Die afghanische Regierung behält die Kontrolle über Kabul. Nichtsdestotrotz, führten Aufständische, Taliban und andere militante Gruppierungen, im gesamten Jahr 2018, als auch in den ersten fünf Monaten 2019, insbesondere in der Hauptstadtregion weiterhin Anschläge auf hochrangige Ziele aus, um die Aufmerksamkeit der Medien auf sich zu ziehen, die Legitimität der afghanischen Regierung zu untergraben und die Wahrnehmung einer weit verbreiteten Unsicherheit zu schaffen (USDOD 6.2019; vgl. USDOD 12.2018).

Aufgrund eben dieser öffentlichkeitswirksamer Angriffe auf Kabul-Stadt kündigte die afghanische Regierung bereits im August 2017 die Entwicklung eines neuen Sicherheitsplans für Kabul an (AAN 25.9.2017). So wurde unter anderem das Green Village errichtet, ein stark gesichertes Gelände im Osten der Stadt, in dem unter anderem, Hilfsorganisationen und internationale Organisationen (RFERL 2.9.2019; vgl. FAZ 2.9.2019) sowie ein Wohngelände für Ausländer untergebracht sind (FAZ 2.9.2019). Die Anlage wird stark von afghanischen Sicherheitskräften und privaten Sicherheitsmännern gesichert (AJ 3.9.2019). Die Green Zone hingegen ist ein separater Teil, der nicht unweit des Green Villages liegt. Die Green Zone ist ein stark gesicherter Teil Kabuls, in dem sich mehrere Botschaften befinden - so z.B. auch die US-amerikanische Botschaft und andere britische Einrichtungen (RFERL 2.9.2019).
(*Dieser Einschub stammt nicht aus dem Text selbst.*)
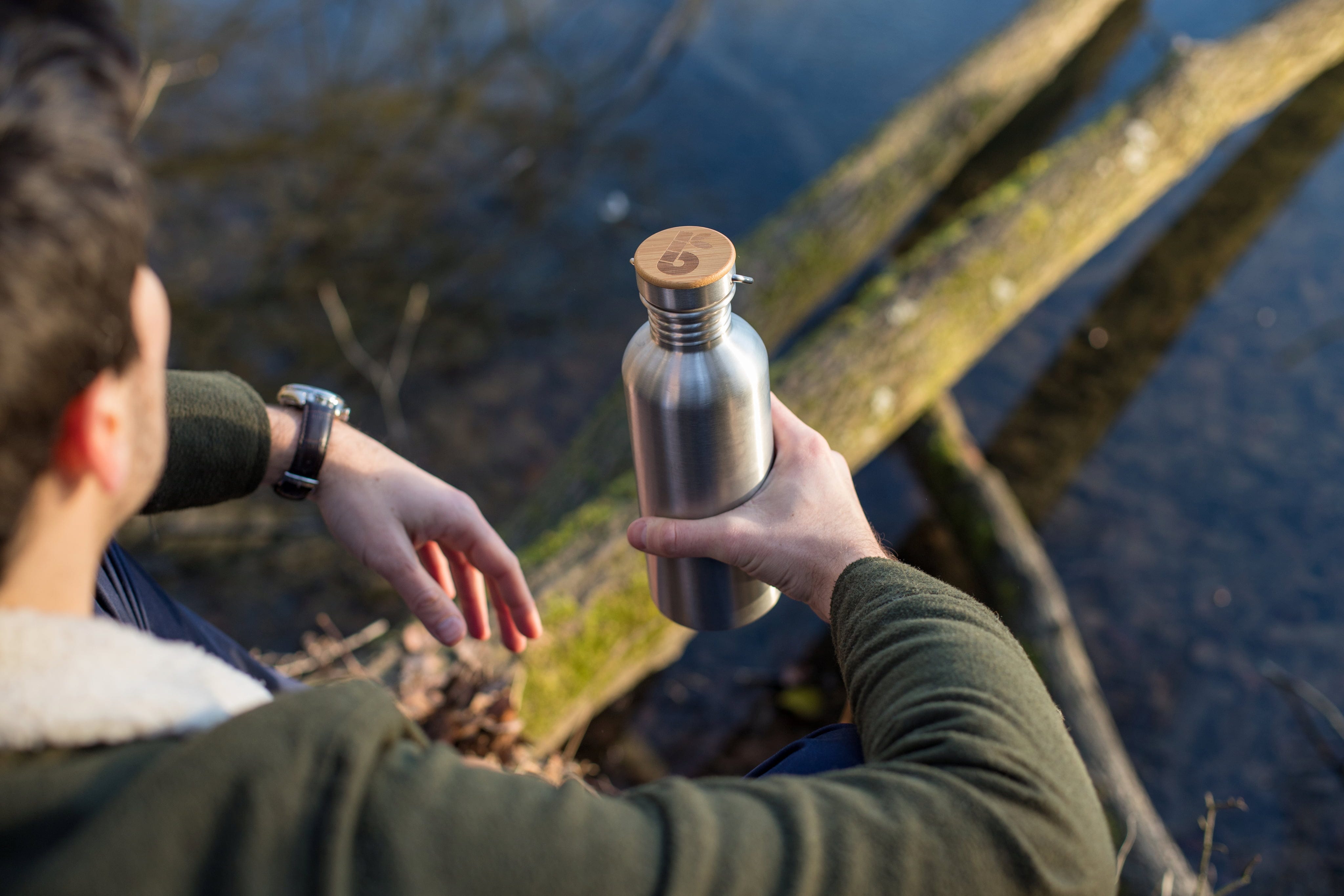 - À un design sobre et contemporain, son corps est composé d'acier inoxydable et elle est dotée d’un bouchon en bambou.

In Bezug auf die Anwesenheit von staatlichen Sicherheitskräften liegt die Provinz Kabul mit Ausnahme des Distrikts Surubi im Verantwortungsbereich der 111. ANA Capital Division, die unter der Leitung von türkischen Truppen und mit Kontingenten anderer Nationen der NATO-Mission Train, Advise and Assist Command - Capital (TAAC-C) untersteht. Der Distrikt Surubi fällt in die Zuständigkeit des 201. ANA Corps (USDOD 6.2019). Darüber hinaus wurde eine spezielle Krisenreaktionseinheit (Crisis Response Unit) innerhalb der afghanischen Polizei, um Angriffe zu verhindern und auf Anschläge zu reagieren (LI 5.9.2018).

Im Distrikt Surubi wird von der Präsenz von Taliban-Kämpfern berichtet (TN 26.3.2019; vgl. SAS 26.3.2019).